Il: Six indicted over Population Registry data theft

More on a breach previously mentioned on this blog last year. Joanna Parasczuk reports on the evolution of a data breach that started in 2006 as an insider breach and ultimately affected everyone in Israel, it seems:

The Tel Aviv District Attorney has charged six people, including a computer programmer formerly employed as a Social Affairs Ministry contractor, in connection with a massive data theft that exposed the personal details of millions of Israelis.

The theft, which took place in 2006, included the publication of detailed personal information on nine million Israelis, among them minors, deceased persons and citizens living abroad.

According to the indictment, Shalom Bilik, who had access to the database during his work at the ministry, copied the data and took a copy of the database home.

After Bilik’s contract with the ministry ended in 2006, he began to provide computing services to an ultra-Orthodox organization in Jerusalem, and allegedly  installed the database on computers there.

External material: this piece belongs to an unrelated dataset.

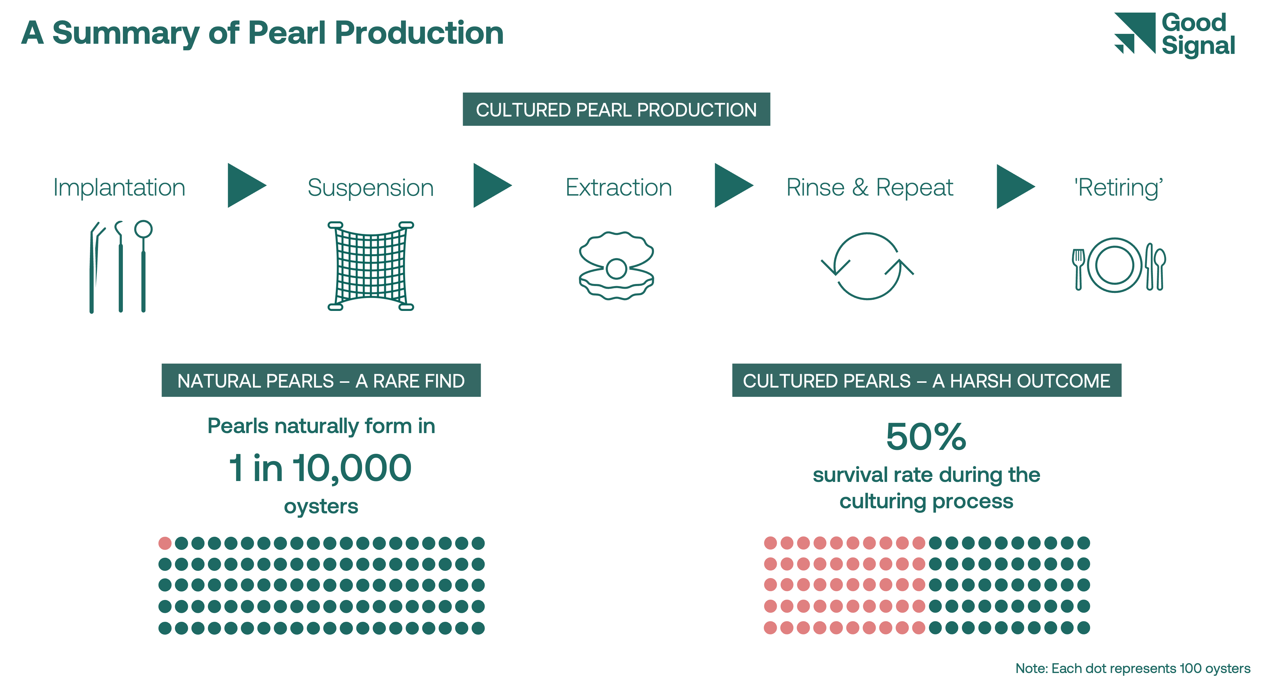 The culturing process itself results in the death of nearly half the oysters before they are even ‘retired’. While there are ethical pearls on the market made from glass, alabaster, plastic, or other non-animal materials, they tend to be coated in animal-derived materials, including isinglass, fish scales, oyster scales, and mother-of-pearl powder6.
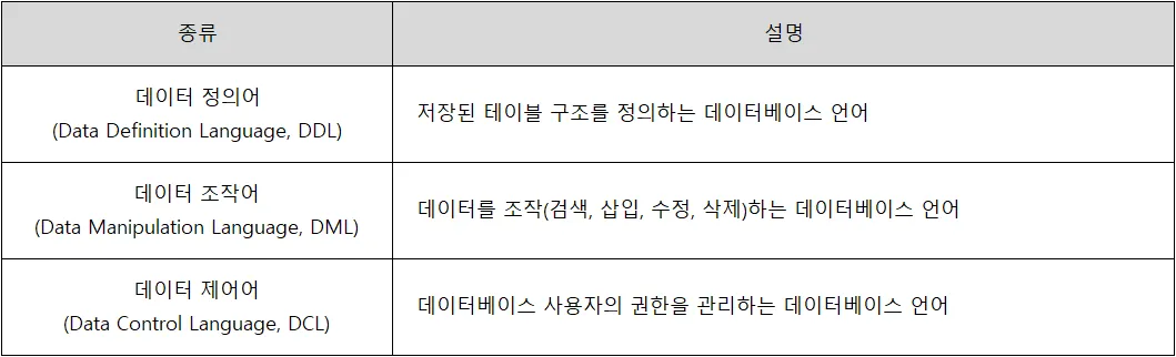 | DML | 데이터 조작 | SELECT, INSERT, UPDATE, DELETE |

Indicted alongside Bilik are Avraham Adam, Yosef Vitman, Haim Aharon, Moshe Moskovitz and Meir Leiver.

Adam, who worked at the ultra-Orthodox charity, allegedly used the stolen data after Bilik gave it him.

Allegedly, Adam passed the data on to Vitman, who volunteered at the charity.

Vitman then sold a copy of the stolen database to Aharon, an independent computer consultant, who combined it with a copy of the voter registration database and eleven other databases, the indictment said.

Aharon then sold the combined database to several people, and also gave it to Moskovitz, a computer programmer, to sell.

Moskovitz enhanced the database with a sophisticated search program he had written, and called the final database ‘Agron’.  He then sold it on to various acquaintances.

At this stage, the indictment said, the database ended up in the hands of Leiver, who renamed it aRi and sold it to several overseas internet sites.

Read more on Jerusalem Post.

So… what do you think the punishment or sentence should be for someone who’s responsible for starting a mammoth privacy breach like this?  There’s no closing this particular barn door any more, either, and the potential remains to combine the database with new or future databases.

Is this Mark Zuckerberg’s wet dream or what?  Or maybe NSA’s?  Or maybe both, for different reasons.